# WORK REQUIRED:
Provide an exact copy of the data, excluding the images.
** Opening GIVEN MATERIAL block **
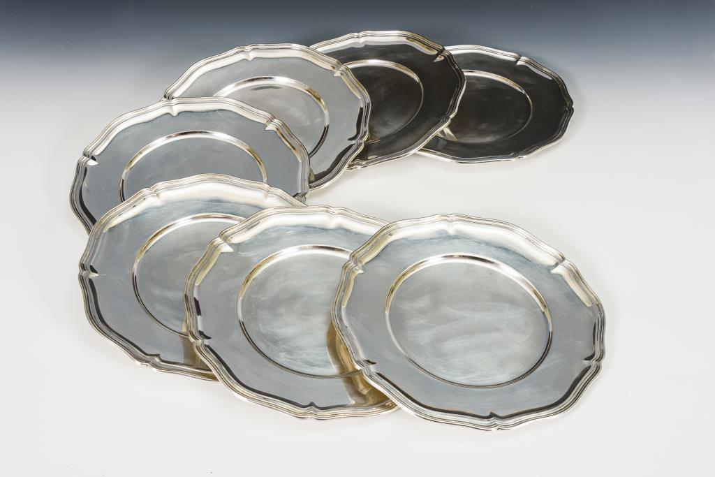 7 silberne Platzteller
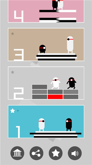 4、第二关不能让砖块砸中,点击屏幕即可移动角色,每次移动都是有黑右移 黑白左移 白右移的规律,非常考验手速
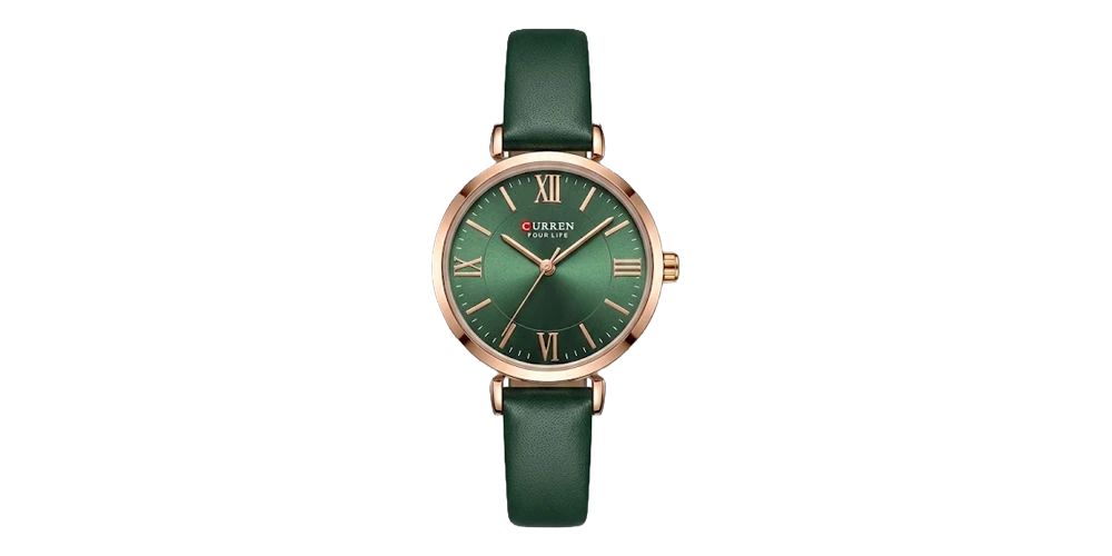 كورين ساعة نسائية – روز غولد / أخضر / سوار جلدي (أرقام رومانية)
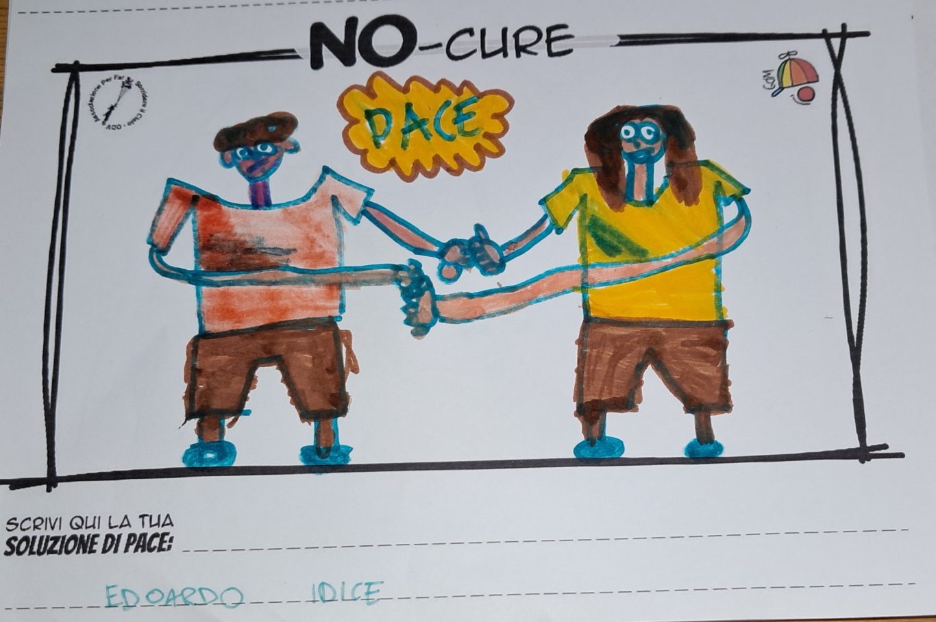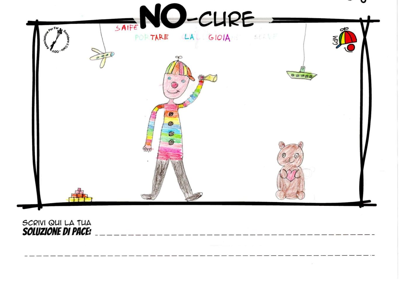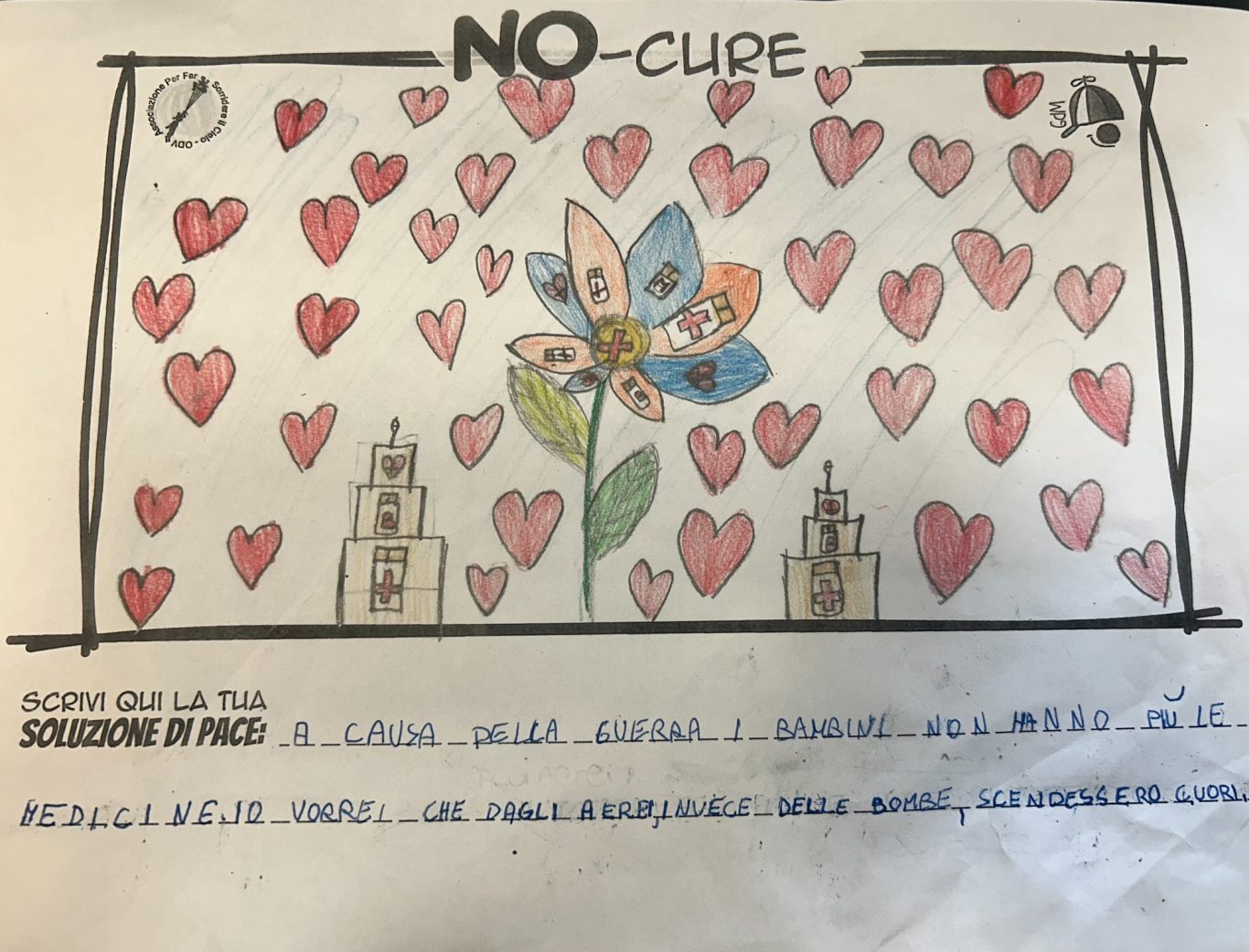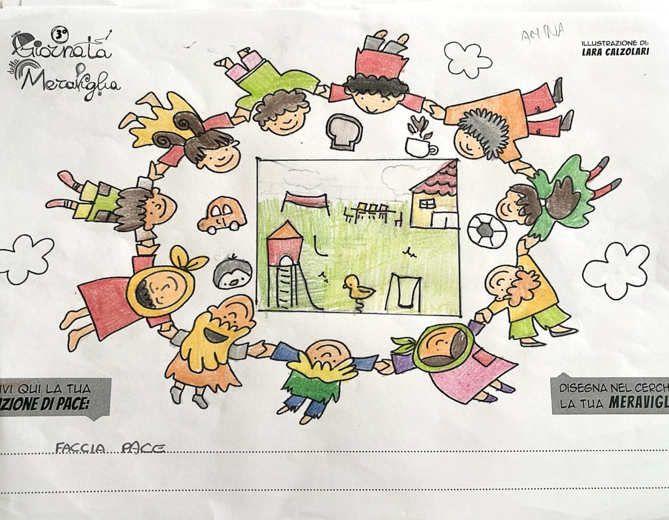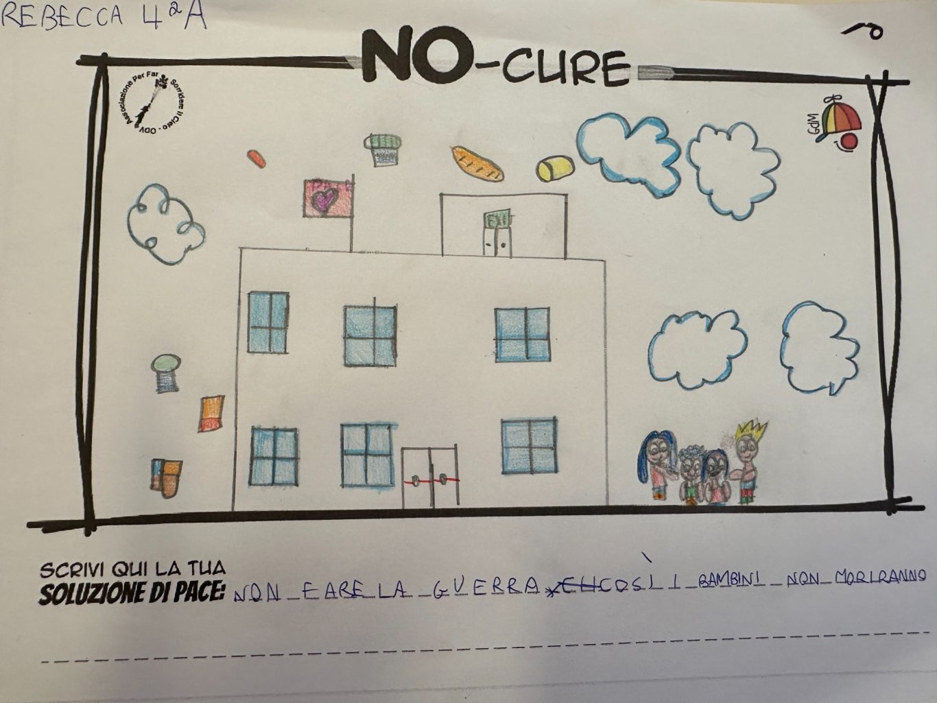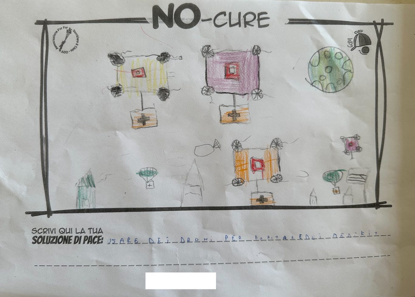 L’opera di sensibilizzazione si si esprime concretamente con la creazione di un DISEGNO DELLA MERAVIGLIA che andrà ad aiutare una delle 12 fatiche. Allo stesso modo chiederemo a tutti i partecipanti di andare a scrivere una “Soluzione di Pace” che possa aiutare anch’essa una delle 12 fatiche dei Bambini della guerra.
** Closing GIVEN MATERIAL block **
# RESULT FOR THIS TASK:
 7 silberne Platzteller
 4、第二关不能让砖块砸中,点击屏幕即可移动角色,每次移动都是有黑右移 黑白左移 白右移的规律,非常考验手速
 كورين ساعة نسائية – روز غولد / أخضر / سوار جلدي (أرقام رومانية)
 L’opera di sensibilizzazione si si esprime concretamente con la creazione di un DISEGNO DELLA MERAVIGLIA che andrà ad aiutare una delle 12 fatiche. Allo stesso modo chiederemo a tutti i partecipanti di andare a scrivere una “Soluzione di Pace” che possa aiutare anch’essa una delle 12 fatiche dei Bambini della guerra.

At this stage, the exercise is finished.